Это заботливое и простое обращение на «ты» послужило началом естественной и непринуждённой беседы.
– Что интересует инструктора Обкома комсомола?
– Участие комсомольцев в посевной, работа районной пионерской организации и, в первую очередь, детский дом.
– Да вот он рядом, в пятистах метрах отсюда, я как раз сам собирался туда идти.
Детский дом, в котором жили 60 воспитанников, длинное одноэтажное деревянное строение, выходил окнами на улицу и сливался с соседними избами. Маленький дворик, с дровяным складом и пищеблоком, со столярной и швейной мастерской, плотно утоптан детскими ногами. К дворику примыкал маленький сад с беседкой. Директриса уехала в Мозырь на базу, а в рабочей комнате пожилая воспитательница занималась с детьми, которые учились в школе во вторую смену. Трое дошколят, воспитывавшихся здесь со своими старшими сёстрами, сразу же увязались за Денисовым, не испытывая ни малейшего стеснения. Чувствовалось, что он бывает здесь часто; Александр знал всех детей по именам. Со двора прибежали улыбающиеся подростки, недавно вступившие в комсомол, и Денисов, как и при встрече с Верой, легко начал беседу. Они наперебой рассказывали о своей детдомовской жизни. Спальни не блистали казённой чистотой, топились печи, на которых побелка основательно вытерлась, кое-где небрежно заправлены постели. В одной из спален, забравшись по домашнему на кровать, сидела поджав ноги с книгой в руках голубоглазая девчушка, в домашнем фланелевом платье, с косичками, перевязанными голубыми кокетливыми бантиками. При появлении гостей девочка вскочила и смущённо поздоровалась.

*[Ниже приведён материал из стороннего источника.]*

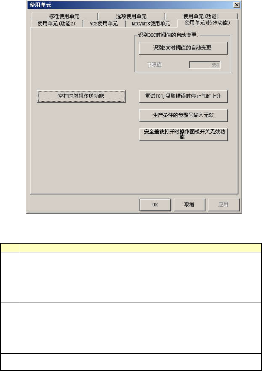 操作手册Ⅱ 4-76 7)特殊功能 根据使用环境,可以使用有效果的特殊功能。 应用中不适用时,可以设置为无效。默认设置中,特殊功能选项是被设置为无效。 ● 设置项目 No. 項目 機能内容 1 识 别 BOC 时阈值的自动变 更 BOC标记氧化后识别容易发生错误,因此不能识别时,识 别阈值自动下降到机器设置的下限值, 自动修改后, 再进 行识别。 可在下限值编辑框中输入阈值。输入范围是 65 …

– Что читаешь, Зина? А. Тургенев, «Первая любовь», «Ася». Хороший писатель. А уроки сделала?
– Ещё вчера.
– Ну, раз сделала, то читай, только почему не в рабочей комнате?
– А здесь лучше. Хочется побыть одной.
– Ну, ладно, читай. Только очень баловать себя мягким – не советую, – закончил беседу Денисов.
Почти до обеда Вера с Денисовым общались с детьми, пообещали им встречу с шефами и посоветовали подготовить концерт.
Материальная база детского дома не вызывала восторга, но в спальнях – тепло, питание – нормальное, у всех детей есть тёплая одежда, обувь в порядке, дети здоровы и выглядели жизнерадостными.
«Шефов у детского дома много, – говорил Денисов, возвращаясь в райком, – но им всегда надо напоминать, иногда через партийные органы.
Увидев мелькнувшую райкомовскую «Победу», Денисов предложил пойти в Райком партии. Это совпадало с планами Веры.
Первый секретарь встретил их приветливо, и то же ощущение естественности и простоты, как в общении с Денисовым, сразу определилось в беседе. Просторный кабинет, с длинным столом для заседаний, здесь не подавлял. В спокойном и доброжелательном голосе самого секретаря чувствовалось уважение и доверие к молодым людям. Вот почему Денисов с радостью заспешил в Райком партии. Прежде Вера не замечала у комсомольских работников искреннего желания бывать в кабинетах первых секретарей. Она и сама делала такие визиты по необходимости. Понятно, что и по-армейски подтянутый Александр Денисов, и Светлана Чепик, со своей беспредельной, чуточку наивной верой в человечество, и доброжелательная хозяйка гостиницы, и культурное обслуживание в чайной – всё что хорошее она увидела и узнала за эти несколько часов, всё шло от этого человека, с усталым лицом и проницательными умными серыми глазами.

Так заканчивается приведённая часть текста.